Segment Start: GIVEN DATA
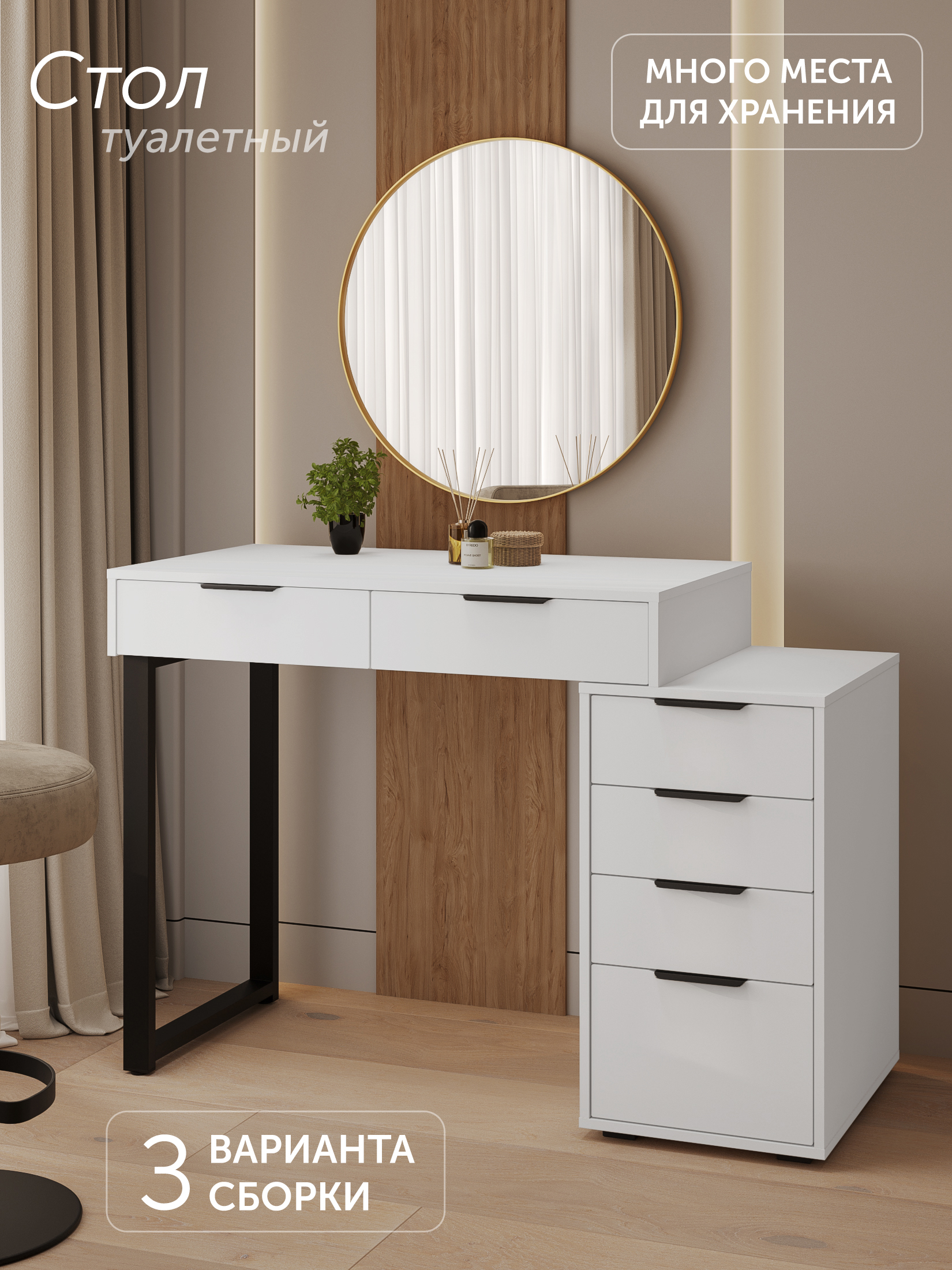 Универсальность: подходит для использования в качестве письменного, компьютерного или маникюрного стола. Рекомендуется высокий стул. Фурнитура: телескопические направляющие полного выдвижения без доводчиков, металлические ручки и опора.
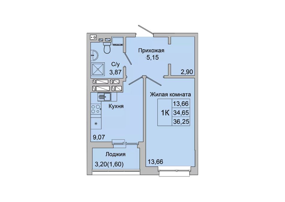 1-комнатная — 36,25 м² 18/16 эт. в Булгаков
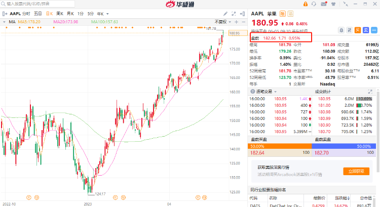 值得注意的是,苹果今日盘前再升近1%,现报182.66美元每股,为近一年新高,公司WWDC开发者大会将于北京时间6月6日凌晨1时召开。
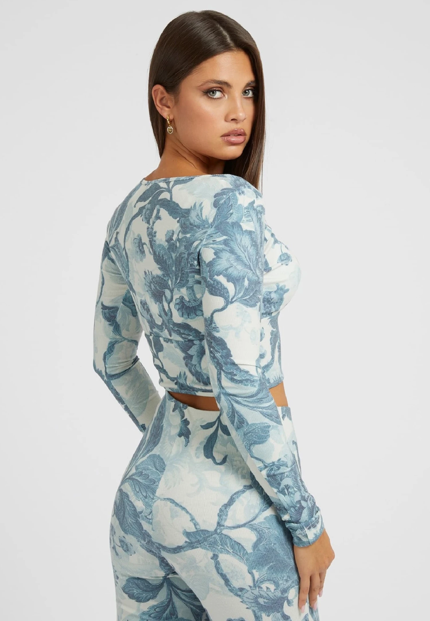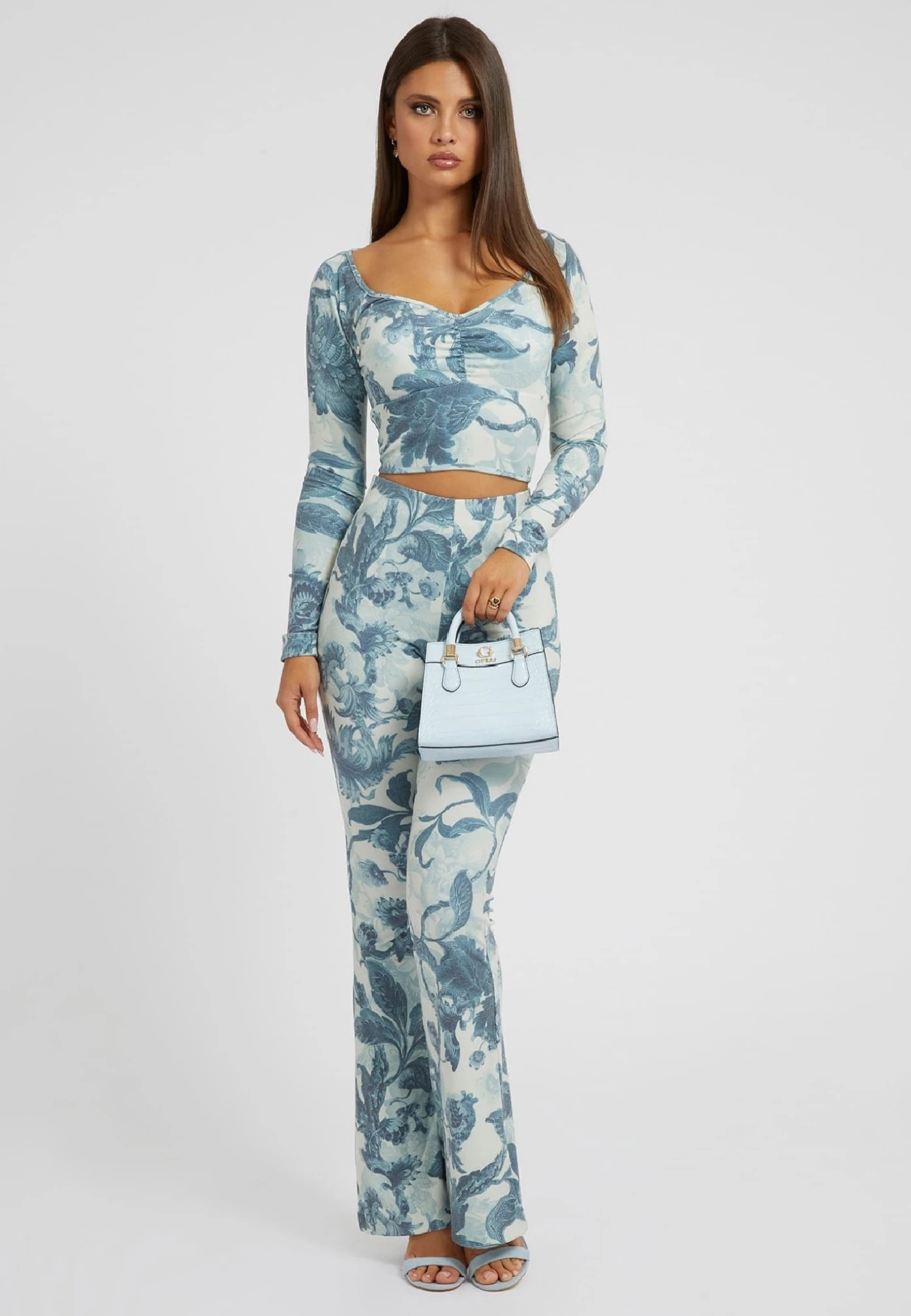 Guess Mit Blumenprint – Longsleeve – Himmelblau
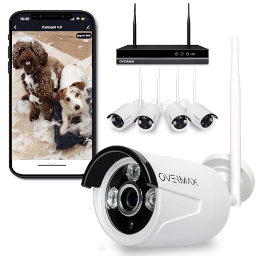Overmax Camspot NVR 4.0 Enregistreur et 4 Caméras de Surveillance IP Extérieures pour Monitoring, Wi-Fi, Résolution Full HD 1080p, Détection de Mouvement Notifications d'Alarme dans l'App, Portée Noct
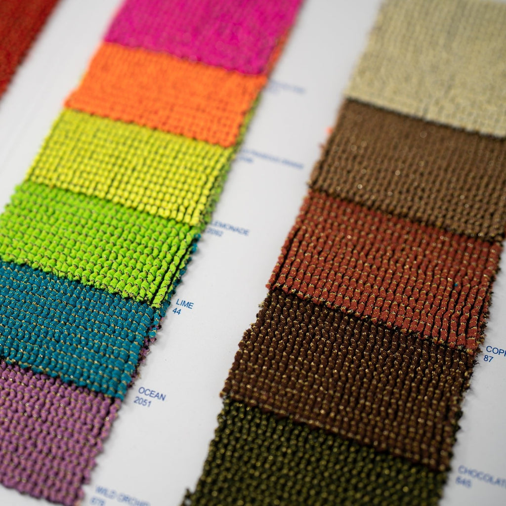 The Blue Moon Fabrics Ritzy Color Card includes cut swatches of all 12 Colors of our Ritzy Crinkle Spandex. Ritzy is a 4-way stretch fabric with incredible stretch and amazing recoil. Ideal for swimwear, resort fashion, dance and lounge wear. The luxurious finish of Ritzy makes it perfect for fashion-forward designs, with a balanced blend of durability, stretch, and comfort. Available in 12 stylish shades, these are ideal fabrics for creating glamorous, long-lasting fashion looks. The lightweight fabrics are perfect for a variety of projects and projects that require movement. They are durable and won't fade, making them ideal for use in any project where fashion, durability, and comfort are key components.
Segment End: GIVEN DATA
> **PROMPT**
Would you restate, exactly and with no pictures, the lines of the entries above from the one containing "1-комнатная — 36,25 м² 18/16 эт. в Булгаков" through the one containing "Overmax Camspot NVR"?

> **SOLVED PROBLEM**
 1-комнатная — 36,25 м² 18/16 эт. в Булгаков
 值得注意的是,苹果今日盘前再升近1%,现报182.66美元每股,为近一年新高,公司WWDC开发者大会将于北京时间6月6日凌晨1时召开。
 Guess Mit Blumenprint – Longsleeve – Himmelblau
Overmax Camspot NVR 4.0 Enregistreur et 4 Caméras de Surveillance IP Extérieures pour Monitoring, Wi-Fi, Résolution Full HD 1080p, Détection de Mouvement Notifications d'Alarme dans l'App, Portée Noct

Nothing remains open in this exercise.